What you should do:
Write out exactly every line from the one containing "Масса нетто: 9,5" through the final line of the material below, both included. Pictures are to be skipped.

Supplied data:
--
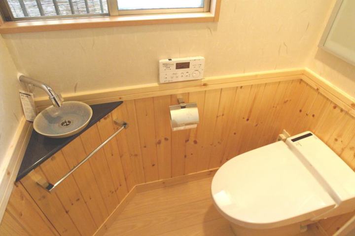 以前は普通のトイレだったのですが、今回リフォームするにあたって、「和風」をコンセプトとしてリフォームさせて頂きました。
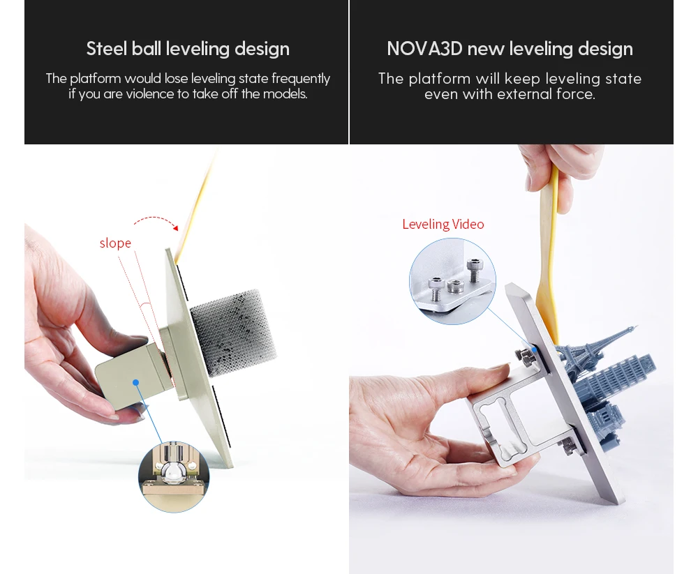 Масса нетто: 9,5 кг Вес брутто: 11,5 кг Размер сборки: 130x80x150mm Размер принтера: 240x250x430mm Пакетразмер размерный ряд: 34 x304x547mm Ломтерезка: NOVAMaker Совместимые материалы: 405nm смола
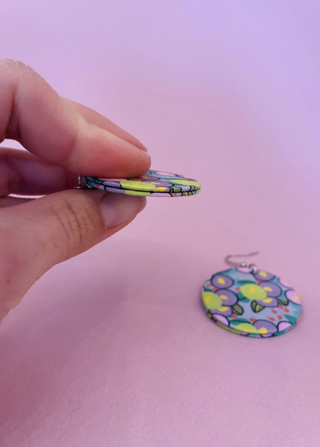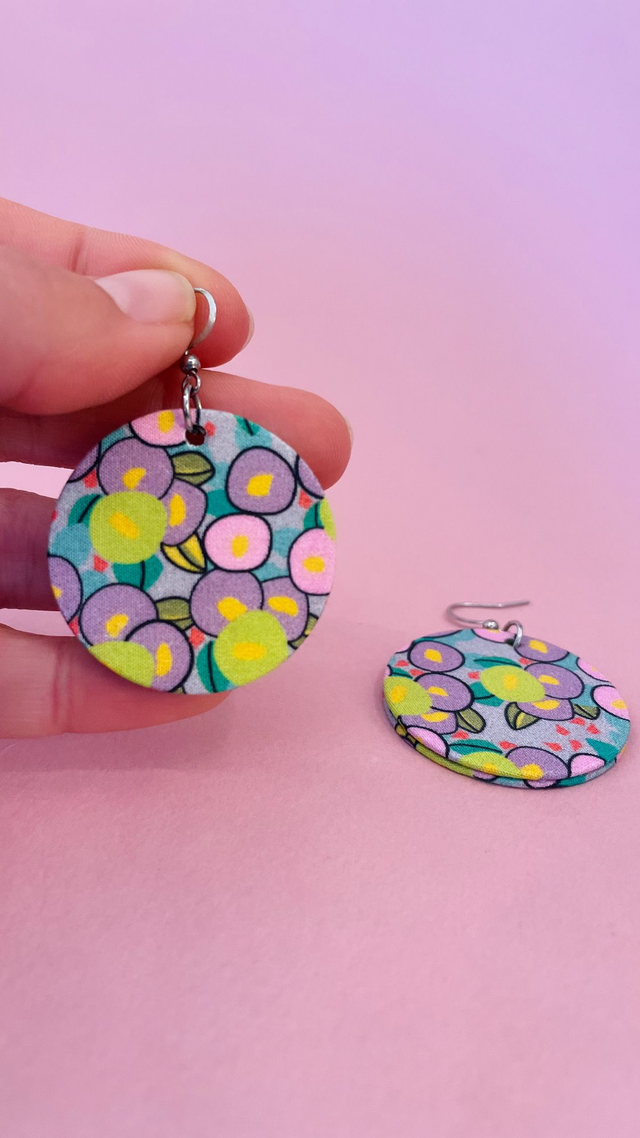 Boucles d'oreilles carton et tissu forme ronde, collection " rose pop " - fond mauve et motifs fleuris rose, vert et violet
--
Response area:
 Масса нетто: 9,5 кг Вес брутто: 11,5 кг Размер сборки: 130x80x150mm Размер принтера: 240x250x430mm Пакетразмер размерный ряд: 34 x304x547mm Ломтерезка: NOVAMaker Совместимые материалы: 405nm смола
 Boucles d'oreilles carton et tissu forme ronde, collection " rose pop " - fond mauve et motifs fleuris rose, vert et violet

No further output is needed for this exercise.